Um outro mundo é possível? Representantes da sociedade civil, autoridades e demais interessados pelos rumos do planeta debatem sobre esta questão a partir desta segunda-feira, em Porto Alegre. A cidade-berço do Fórum Social Mundial (FSM) já abriga mais de 70 intelectuais de diversas regiões do globo, e um balanço sobre a primeira década do encontro marca este primeiro dia de debates.

Sob o título de "Mesa de Saudação do Fórum Social Mundial 10 anos Depois Grande Porto Alegre", a primeira série de discussões busca refletir sobre os fatores positivos e negativos referentes ao evento desde que ele foi criado, em 2001. O objetivo do encontro, além da realização do balanço relacionado ao evento, é projetar o FSM 2011, em Dakar (Senegal).

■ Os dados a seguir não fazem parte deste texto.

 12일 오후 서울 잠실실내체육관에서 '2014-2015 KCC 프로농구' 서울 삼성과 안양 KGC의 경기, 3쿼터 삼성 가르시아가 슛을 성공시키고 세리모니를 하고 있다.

Participam da mesa autoridades locais, estaduais, federais, representantes do FSM 2009 (Belém) e do próprio FSM 2011. Coordenado por Salete Camba, o balanço conta com as participações de Lílian Celiberti (Articulación Feminista Marcosur - Uruguai), Raffaella Bollini (ARCI - Itália), Oded Grajew (Cives e Movimento Nossa São Paulo), Nandita Shah (National Network of Autonomous Women's Groups (Índia), João Pedro Stédile (MST), Olívio Dutra (ex-governador gaúcho), Cândido Grzybowski (Ibase) e Francisco Whitaker (CBJP).

Coletividade
Para Oded Grajew, a importância do FSM consiste em dar voz à sociedade civil organizada. "Quando surgiu o FSM, há 10 anos, fazia-se a pergunta: como é que a sociedade civil tem a possibilidade de levar adiante sua missão e seus objetivos? Cada um de nós, cada organização é muito frágil, é muito pouco diante da tarefa que temos pela frente. Os desafios hoje são planetários, são globais. A sociedade civil organizada não conseguirá levar adiante suas necessidades se estiver sozinha. A idéia do FSM é dar uma possibilidade de fortalecimento da sociedade civil, a ponto de viabilizar seus objetivos".

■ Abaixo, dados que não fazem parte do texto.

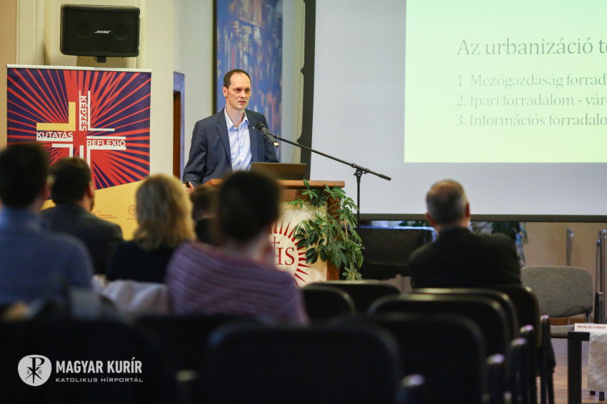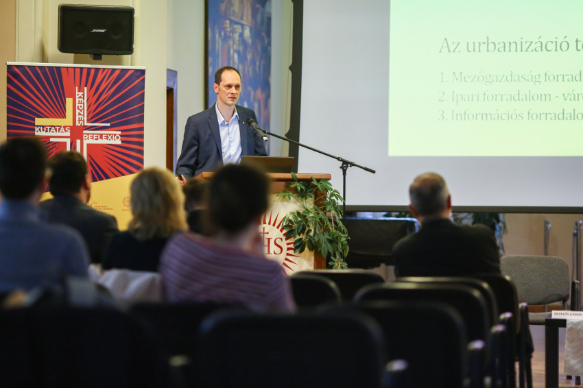 „A város a társadalom tükre. Ferenc pápa Áldott légy kezdetű enciklikájában így ír erről: »A színhelyek, melyek körbevesznek bennünket, befolyásolják azt, ahogyan az életet látjuk, ahogyan érzünk és cselekszünk. Ugyanakkor a szobánkban, otthonunkban, munkahelyünkön és lakónegyedünkben a környezetet használjuk arra, hogy kifejezzük identitásunkat«” – kezdte előadását Salamin Géza gazdaság- és területfejlesztési szakember. Bár a Fenntartható Fejlődési Célok 11. pontja szól a városokról, valójában mind a tizenhét cél érinti valamiképp a városokat.

Já o representante do Movimento dos Sem Terra, João Pedro Stédile, ressaltou que o FSM ajuda a lembrar que o neoliberalismo não é a única forma de governo possível. "Derrotar o neoliberalismo como forma de salvação para os mais pobres é um dos objetivos deste fórum. É difícil fazer um balanço de dez anos em apenas dez minutos, mas é fundamental lembrar que este espaço já nasceu na coletividade, e assim permanecerá".

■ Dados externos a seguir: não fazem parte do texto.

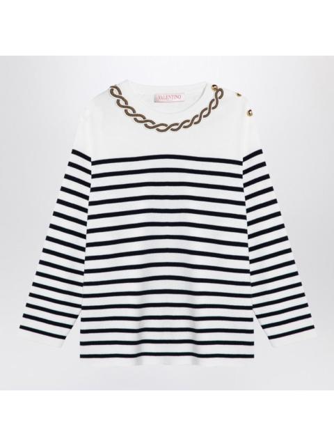 Valentino Ivory/Navy Striped Jersey With Embroidery Women

Ainda nesta segunda-feira, está prevista uma passeata pelas principais ruas de Porto Alegre. A Polícia Militar da capital gaúcha espera a presença de cerca de 50 mil pessoas. À noite, a partir das 21h45 (horário de Brasília), o cantor Marcelo D2 se apresentará na Prainha do Gasômetro.

Nos próximos dias, a temática do desenvolvimento sustentável promete tomar conta das discussões do FSM 2010, que também conta com atividades em cinco municípios da Região Metropolitana de Porto Alegre: São Leopoldo, Novo Hamburgo, Sapiranga, Gravataí e Canoas.